● What you should do
Return each line of the data below exactly, omitting any pictures.

● Data
....................
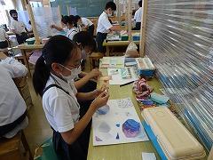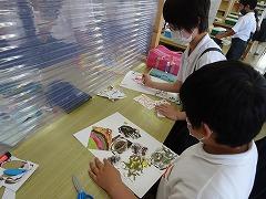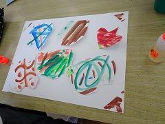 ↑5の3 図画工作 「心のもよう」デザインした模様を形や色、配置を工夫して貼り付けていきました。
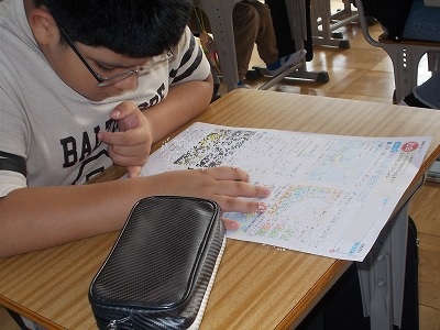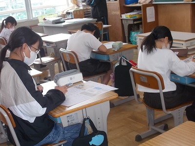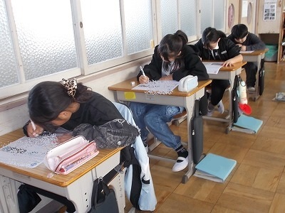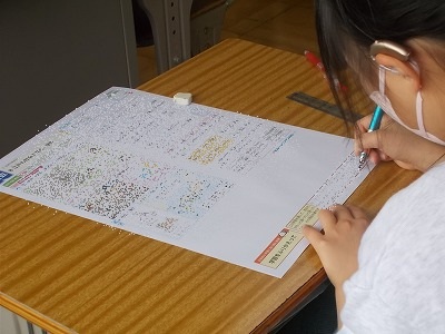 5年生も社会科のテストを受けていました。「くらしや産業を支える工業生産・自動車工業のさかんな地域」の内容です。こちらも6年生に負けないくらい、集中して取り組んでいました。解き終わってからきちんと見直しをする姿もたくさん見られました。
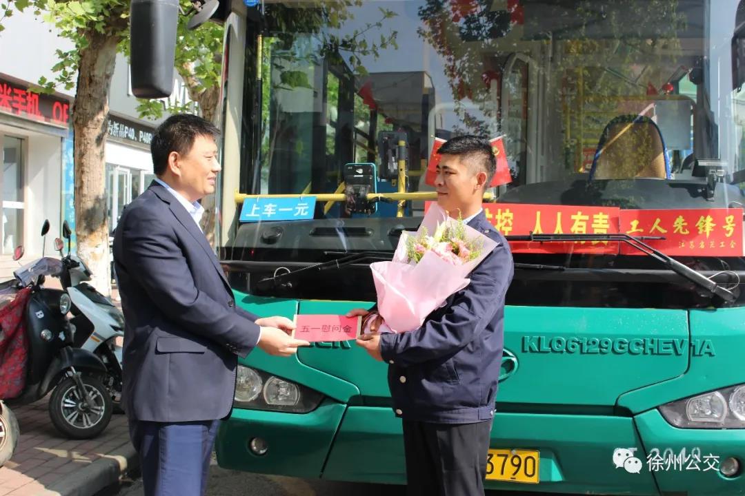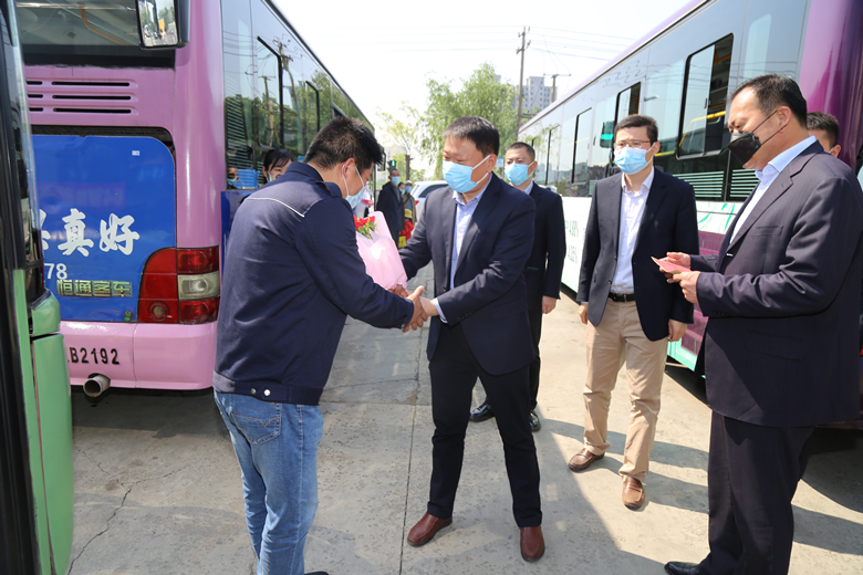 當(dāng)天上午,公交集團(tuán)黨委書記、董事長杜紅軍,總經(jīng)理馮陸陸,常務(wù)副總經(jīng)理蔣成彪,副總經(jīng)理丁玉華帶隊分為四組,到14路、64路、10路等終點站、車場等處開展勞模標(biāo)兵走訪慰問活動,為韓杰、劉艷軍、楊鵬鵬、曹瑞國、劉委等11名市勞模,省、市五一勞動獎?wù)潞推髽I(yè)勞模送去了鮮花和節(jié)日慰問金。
....................
● Response for this exercise
 ↑5の3 図画工作 「心のもよう」デザインした模様を形や色、配置を工夫して貼り付けていきました。
 5年生も社会科のテストを受けていました。「くらしや産業を支える工業生産・自動車工業のさかんな地域」の内容です。こちらも6年生に負けないくらい、集中して取り組んでいました。解き終わってからきちんと見直しをする姿もたくさん見られました。
 當(dāng)天上午,公交集團(tuán)黨委書記、董事長杜紅軍,總經(jīng)理馮陸陸,常務(wù)副總經(jīng)理蔣成彪,副總經(jīng)理丁玉華帶隊分為四組,到14路、64路、10路等終點站、車場等處開展勞模標(biāo)兵走訪慰問活動,為韓杰、劉艷軍、楊鵬鵬、曹瑞國、劉委等11名市勞模,省、市五一勞動獎?wù)潞推髽I(yè)勞模送去了鮮花和節(jié)日慰問金。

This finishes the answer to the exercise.